Low-loss plasmonic resonances in heavily doped InAs for infrared optoelectronics integration

Plasmonic resonances supported by traditional metals (e.g., gold, silver, and aluminum) have been used to enhance optoelectronic devices such as emitters and detectors.[1] However, these materials are very lossy in the infrared region, hindering their use in actual devices that operate in the infrared.[2] To overcome this issue, we use doped III-V semiconductors as a low-loss plasmonic material that can be easily integrated with traditional III-V infrared optoelectronic devices. Here we show that an InAs epilayer, when highly-doped with Tellurium (up to 10²⁰ cm^-3), exhibits a plasma frequency corresponding to light at a free-space wavelength of 4.5 microns. When a 1D grating with period < 5 μm is formed in the epilayer via dry etching, resonances at longer wavelengths (5.5 to 14 microns) are observed with quality factors around 7 and absorption as high as 95%. Finite element electromagnetic models of the resonance modes show good agreement with our experimental results.

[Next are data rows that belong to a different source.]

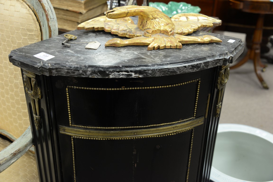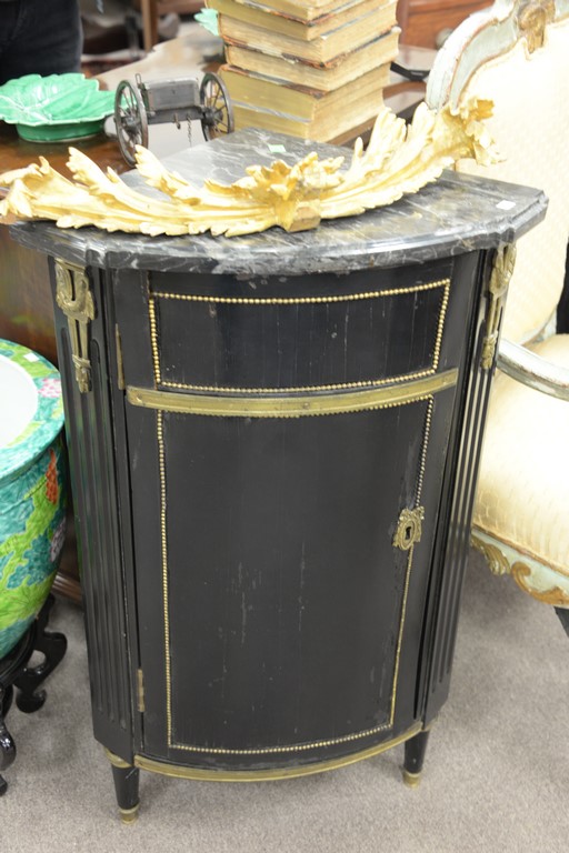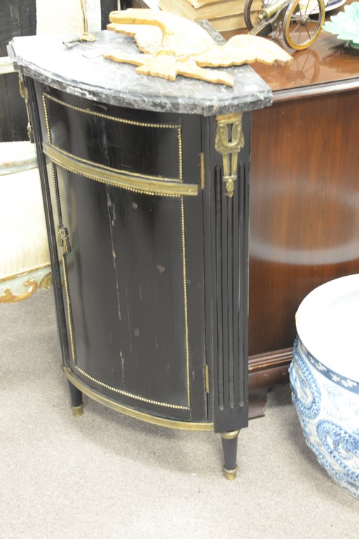 Lot 100: Pair of Louis XVI corner cabinets with grey marble top s over one door. ht. 35in., wd. 21in.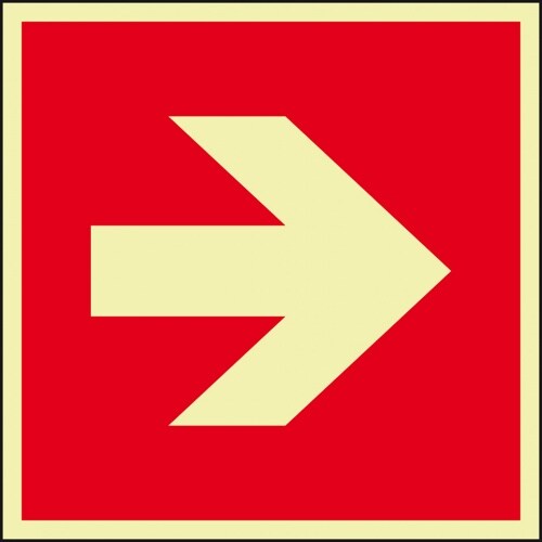 Schild I PERMALIGHT power langnachleuchtend Brandschutzschild Richtungsangabe, Aluminium, 200x200mm, ASR A1.3, DIN EN ISO 3864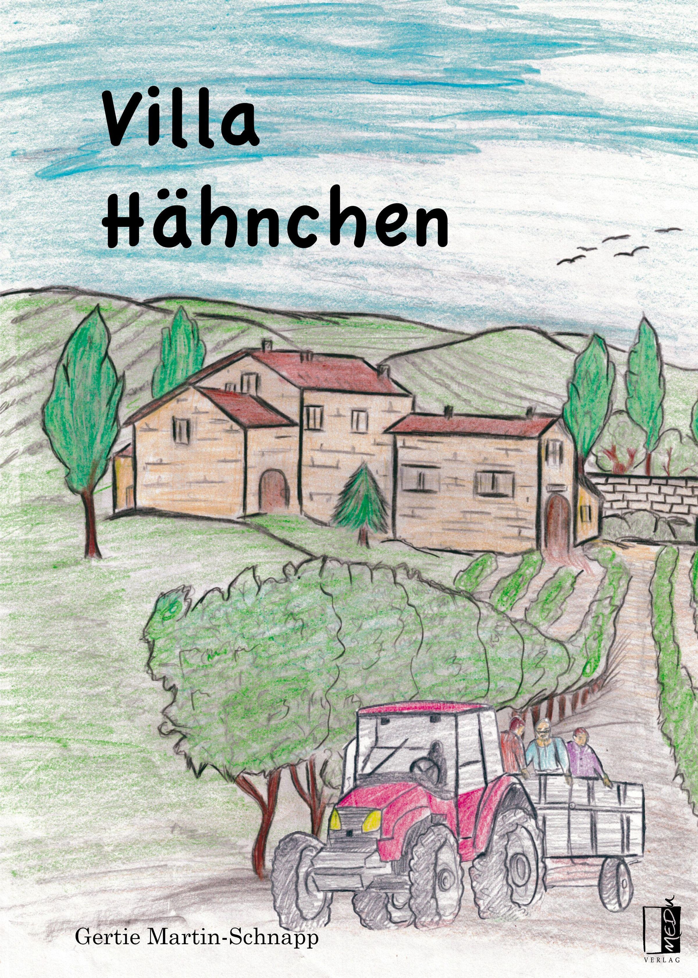 Text: "Villa Hähnchen" und "Gertie Martin-Schnapp". Illustration: Landschaft mit Häusern, Hügeln, Traktor und Bäumen., Buch

This work was funded by OSD Contract No: W911NF-22-P-0024 administered by ARO.

[1] J.A. Nolde et al., “Resonant quantum efficiency enhancement of midwave infrared nBn photodetectors using one-dimensional plasmonic gratings”, Appl. Phys. Lett. 106, (2015) 261109

[2] N. Kinsey et al., “Near-Zero-Index Materials for Photonics,” Nature Materials 4 (2019) 742.